TASK BRIEF: Taking the listing below, restate word for word each line from the line with "Del Secondo Modo." to the line with "대선 투표일인 3일 오전", ends included, and stop there.

MATERIAL SHOWN:

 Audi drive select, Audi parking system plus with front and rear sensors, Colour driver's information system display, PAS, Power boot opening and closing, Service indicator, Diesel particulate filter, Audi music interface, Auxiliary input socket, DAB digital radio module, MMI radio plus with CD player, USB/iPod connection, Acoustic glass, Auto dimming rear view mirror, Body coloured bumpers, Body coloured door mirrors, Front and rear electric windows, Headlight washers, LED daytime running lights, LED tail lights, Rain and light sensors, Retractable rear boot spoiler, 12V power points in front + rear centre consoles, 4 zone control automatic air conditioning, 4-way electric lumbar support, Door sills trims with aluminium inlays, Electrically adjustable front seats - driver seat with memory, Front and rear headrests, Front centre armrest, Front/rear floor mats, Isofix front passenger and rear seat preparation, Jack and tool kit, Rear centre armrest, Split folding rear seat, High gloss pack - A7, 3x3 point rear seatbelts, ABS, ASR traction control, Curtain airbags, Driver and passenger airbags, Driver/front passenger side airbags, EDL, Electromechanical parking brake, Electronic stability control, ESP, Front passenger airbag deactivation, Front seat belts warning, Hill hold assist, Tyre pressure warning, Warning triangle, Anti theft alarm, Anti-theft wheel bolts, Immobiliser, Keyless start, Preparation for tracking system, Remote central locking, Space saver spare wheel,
--
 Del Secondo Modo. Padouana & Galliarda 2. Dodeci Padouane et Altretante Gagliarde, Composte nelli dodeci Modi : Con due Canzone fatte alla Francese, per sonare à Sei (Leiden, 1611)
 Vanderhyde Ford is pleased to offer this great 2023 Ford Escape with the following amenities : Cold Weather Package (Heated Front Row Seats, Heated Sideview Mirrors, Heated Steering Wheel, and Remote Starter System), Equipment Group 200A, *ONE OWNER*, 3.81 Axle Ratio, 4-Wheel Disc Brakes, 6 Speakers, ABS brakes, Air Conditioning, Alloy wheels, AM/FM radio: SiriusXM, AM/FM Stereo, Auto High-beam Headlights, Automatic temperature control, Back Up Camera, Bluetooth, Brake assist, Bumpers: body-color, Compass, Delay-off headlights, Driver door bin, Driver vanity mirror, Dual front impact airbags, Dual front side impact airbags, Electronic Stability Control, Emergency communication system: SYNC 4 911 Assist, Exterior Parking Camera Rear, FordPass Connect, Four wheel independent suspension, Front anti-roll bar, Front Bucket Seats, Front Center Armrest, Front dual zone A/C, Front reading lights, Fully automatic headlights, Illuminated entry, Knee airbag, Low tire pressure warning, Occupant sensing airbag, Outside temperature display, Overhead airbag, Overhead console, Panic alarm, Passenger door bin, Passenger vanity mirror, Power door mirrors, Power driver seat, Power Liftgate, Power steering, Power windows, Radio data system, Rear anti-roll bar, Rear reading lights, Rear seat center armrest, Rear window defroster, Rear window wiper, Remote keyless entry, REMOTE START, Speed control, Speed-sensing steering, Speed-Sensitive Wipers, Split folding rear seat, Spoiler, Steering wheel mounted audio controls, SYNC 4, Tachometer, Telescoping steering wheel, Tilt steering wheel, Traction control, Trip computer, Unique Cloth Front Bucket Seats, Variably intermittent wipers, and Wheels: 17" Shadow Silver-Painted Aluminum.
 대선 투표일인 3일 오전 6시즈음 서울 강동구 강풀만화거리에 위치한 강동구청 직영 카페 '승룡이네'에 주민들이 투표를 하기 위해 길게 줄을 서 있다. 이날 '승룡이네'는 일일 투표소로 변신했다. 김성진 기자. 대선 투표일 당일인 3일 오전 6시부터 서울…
--
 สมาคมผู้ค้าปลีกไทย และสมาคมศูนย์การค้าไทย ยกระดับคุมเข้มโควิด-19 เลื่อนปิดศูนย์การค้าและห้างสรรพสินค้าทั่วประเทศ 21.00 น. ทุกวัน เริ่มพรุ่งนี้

ANSWER TO THE EXERCISE:
 Del Secondo Modo. Padouana & Galliarda 2. Dodeci Padouane et Altretante Gagliarde, Composte nelli dodeci Modi : Con due Canzone fatte alla Francese, per sonare à Sei (Leiden, 1611)
 Vanderhyde Ford is pleased to offer this great 2023 Ford Escape with the following amenities : Cold Weather Package (Heated Front Row Seats, Heated Sideview Mirrors, Heated Steering Wheel, and Remote Starter System), Equipment Group 200A, *ONE OWNER*, 3.81 Axle Ratio, 4-Wheel Disc Brakes, 6 Speakers, ABS brakes, Air Conditioning, Alloy wheels, AM/FM radio: SiriusXM, AM/FM Stereo, Auto High-beam Headlights, Automatic temperature control, Back Up Camera, Bluetooth, Brake assist, Bumpers: body-color, Compass, Delay-off headlights, Driver door bin, Driver vanity mirror, Dual front impact airbags, Dual front side impact airbags, Electronic Stability Control, Emergency communication system: SYNC 4 911 Assist, Exterior Parking Camera Rear, FordPass Connect, Four wheel independent suspension, Front anti-roll bar, Front Bucket Seats, Front Center Armrest, Front dual zone A/C, Front reading lights, Fully automatic headlights, Illuminated entry, Knee airbag, Low tire pressure warning, Occupant sensing airbag, Outside temperature display, Overhead airbag, Overhead console, Panic alarm, Passenger door bin, Passenger vanity mirror, Power door mirrors, Power driver seat, Power Liftgate, Power steering, Power windows, Radio data system, Rear anti-roll bar, Rear reading lights, Rear seat center armrest, Rear window defroster, Rear window wiper, Remote keyless entry, REMOTE START, Speed control, Speed-sensing steering, Speed-Sensitive Wipers, Split folding rear seat, Spoiler, Steering wheel mounted audio controls, SYNC 4, Tachometer, Telescoping steering wheel, Tilt steering wheel, Traction control, Trip computer, Unique Cloth Front Bucket Seats, Variably intermittent wipers, and Wheels: 17" Shadow Silver-Painted Aluminum.
 대선 투표일인 3일 오전 6시즈음 서울 강동구 강풀만화거리에 위치한 강동구청 직영 카페 '승룡이네'에 주민들이 투표를 하기 위해 길게 줄을 서 있다. 이날 '승룡이네'는 일일 투표소로 변신했다. 김성진 기자. 대선 투표일 당일인 3일 오전 6시부터 서울…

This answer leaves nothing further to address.